With an eye towards a future in which all vehicles sold in Massachusetts are zero-emissions vehicles and more immediate environmental benefits, the Baker administration is expanding the eligibility for an electric vehicle rebate program to include medium- and heavy-duty vehicles.

Vehicles roughly weighing 8,500 pounds and up — think large pickup trucks and vans, delivery trucks, box trucks, and long-haul delivery trucks — will now be eligible for a state financial incentive through the Massachusetts Offers Rebates for Electric Vehicles (MOR-EV) program.

The expansion is made possible by a December 2019 allocation from the Legislature, $10 million of which will go toward the medium- and heavy-duty vehicle incentives.

“There is an incredible amount of interest in this specific sector, delivery trucks, from some of the larger owners of these vehicles from Amazon to the Postal Service and what it can do to lower operating costs and provide cleaner air,” Patrick Woodcock, commissioner of the Department of Energy Resources, said. “So we want to be at the vanguard of this and help companies that want to do their part to be part of the net-zero future.”

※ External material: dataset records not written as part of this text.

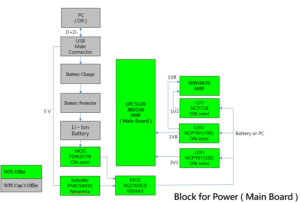 2. 方案设计模组板中透过 Battery Charger IC、Current Protection IC、MOS ( FDN357N、SQ2303ES )、Schottky ( PMEG4010BEA ) 规划出充放电回路,可透过锂电池对模组板供电,当锂电池电源不足时,亦可透过 PC 端的 USB 电源供电,并对锂电池充电。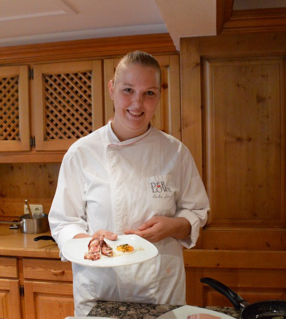 Dort kreiert der Küchenchef Albert Dschulnigg täglich ein 5 Gänge-Gourmetmenü mit „Köstlichkeiten der Berge“ Es wird grosser Wert auf regionale Produkte gelegt, z.B. Qualitätsfleisch von Regionalen Bauern. Beim Hauptgang hat man die Wahl zwischen 3 Gerichten, wobei eins davon vegetarisch ist. Während des Aufenthalts hat man einen festen Platz im Restaurant, bei schönem Wetter kann man aber auch draußen auf der idyllischen Terrasse sitzen. Besonders gemütlich sind dort die drei Nischenplätze im Stil eines Heurigenlokals.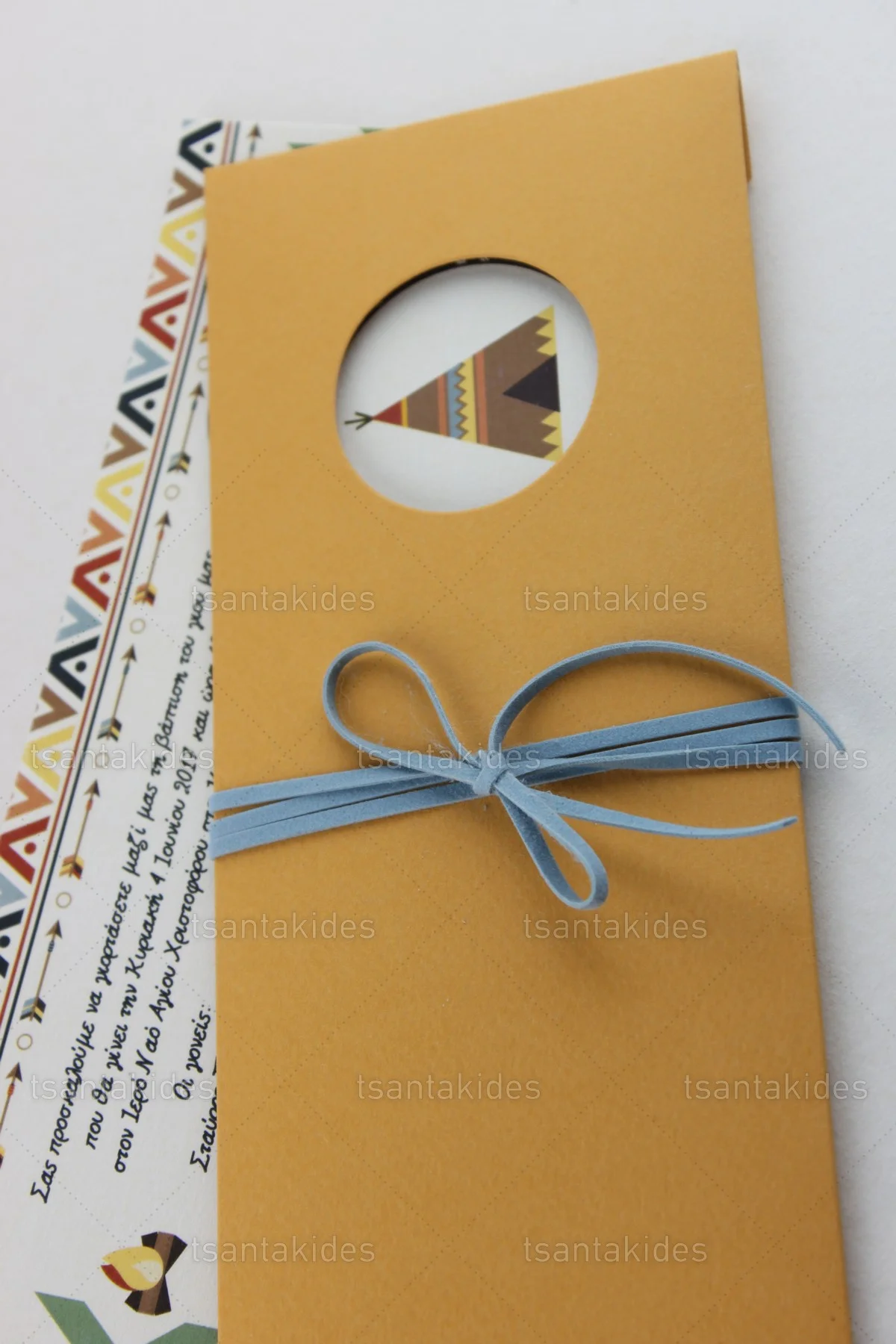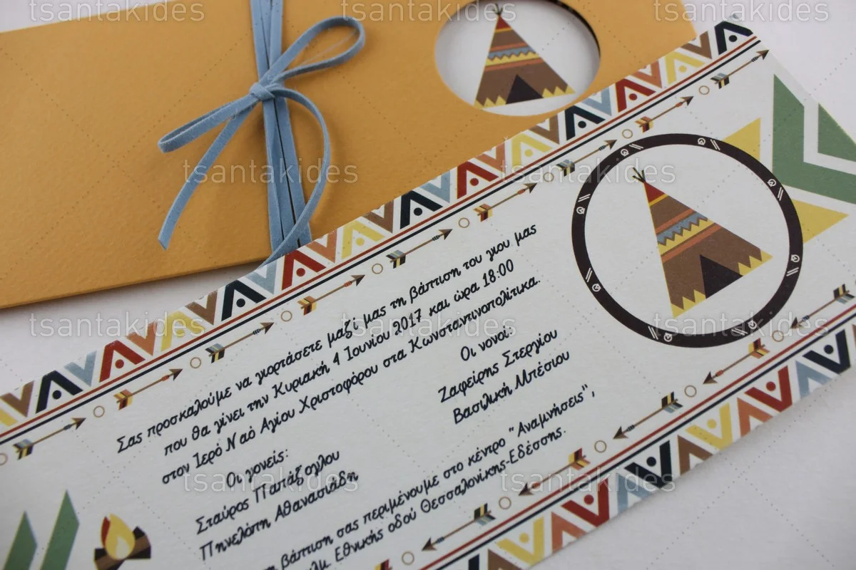 Προσκλητήριο βάπτισης για αγόρι εκτυπωμένο με θέμα Ινδιάνος

Under the MOR-EV program, consumers can be eligible for a rebate of $2,500 on the purchase of an all-electric vehicle or $1,500 for a plug-in hybrid with a range of at least 25 miles on a battery charge. Last year, Gov. Charlie Baker signed a commitment with 14 other states and the District of Columbia to accelerate the market for electric trucks, and agreed to a goal for medium- and heavy-duty vehicles of at least 30 percent zero-emission vehicle sales by 2030, and 100 percent by 2050.

Zero-emission vehicles are a major part of the Baker administration’s greenhouse gas emissions reduction goals. Meeting the administration’s goal of reducing greenhouse gas emissions by 45 percent from 1990 levels by 2030 will “require that about 1 million of the 5.5 million [passenger vehicles] projected to be registered in the Commonwealth in 2030 be” zero-emission vehicles, the administration said in its 2050 decarbonization plan, which also calls for a requirement that all new cars and passenger trucks sold in Massachusetts be zero-emission vehicles starting in 2035.

Since the MOR-EV program started in 2014, Massachusetts state government has given out about $37.7 million in rebates for the purchase of 18,487 vehicles, according to the program’s website. The state estimates that the vehicles purchased through the program since 2014 have cumulatively offset more than 46,000 metric tons of greenhouse gas emissions.